> _Provided material_:
• • • • • • •
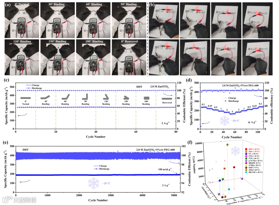 图6. 柔性实验:(a)带状电池Zn||DHT电池不同角度下的弯曲试验。(b)两个条状Zn||DHT电池在连续弯曲过程中(0-360°)驱动一个LED灯的示意图。(c)在2 A g−1下进行连续和重复弯曲的循环稳定性。在−20 °C下的电化学性能测试:(d)倍率性能。(e)在2 A g−1下的长循环稳定性。(f)比较了这项工作与近期报道的在低温下有机正极的长循环性能。
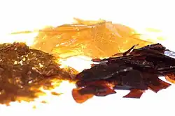 - la troisième qualité est d'un brun-rougeâtre ; elle fond plus difficilement que les deux premières, et laisse un résidu après la combustion.
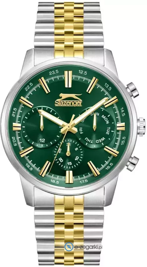 Model SL.09.2453.2.04 marki Slazenger to elegancki zegarek naręczny męski, który jest wyposażony w pomysłowe rozwiązania i funkcje. Wysokiej trwałości cyferblat zegarka pokryto zielonym kolorem. Zaprezentowana metodą analogową bieżąca godzina jest czytelna i łatwa do odczytania. Koperta jest w kolorze stalowym szeroka jest na 43 mm - wyróżnia się okrągłym kształtem.
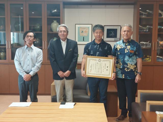 県青年農業者会議の2023年度プロジェクト発表と意見発表が、このほど那覇市で行われ、島内でジャガイモ栽培に取り組む宮古地区就農青年クラブ連絡協議会の田村快さんがプロジェクト発表の部で最優秀賞を受賞した。田村さんは17日、市役所に座喜味一幸市長を訪ね、受賞を報告した。
• • • • • • •
> _Work required_:
In the copy, only the lines from the one holding "- la troisième" through the end of the listing above should appear, retyped exactly, both ends included, with no pictures.

> _Solution to this problem_:
 - la troisième qualité est d'un brun-rougeâtre ; elle fond plus difficilement que les deux premières, et laisse un résidu après la combustion.
 Model SL.09.2453.2.04 marki Slazenger to elegancki zegarek naręczny męski, który jest wyposażony w pomysłowe rozwiązania i funkcje. Wysokiej trwałości cyferblat zegarka pokryto zielonym kolorem. Zaprezentowana metodą analogową bieżąca godzina jest czytelna i łatwa do odczytania. Koperta jest w kolorze stalowym szeroka jest na 43 mm - wyróżnia się okrągłym kształtem.
 県青年農業者会議の2023年度プロジェクト発表と意見発表が、このほど那覇市で行われ、島内でジャガイモ栽培に取り組む宮古地区就農青年クラブ連絡協議会の田村快さんがプロジェクト発表の部で最優秀賞を受賞した。田村さんは17日、市役所に座喜味一幸市長を訪ね、受賞を報告した。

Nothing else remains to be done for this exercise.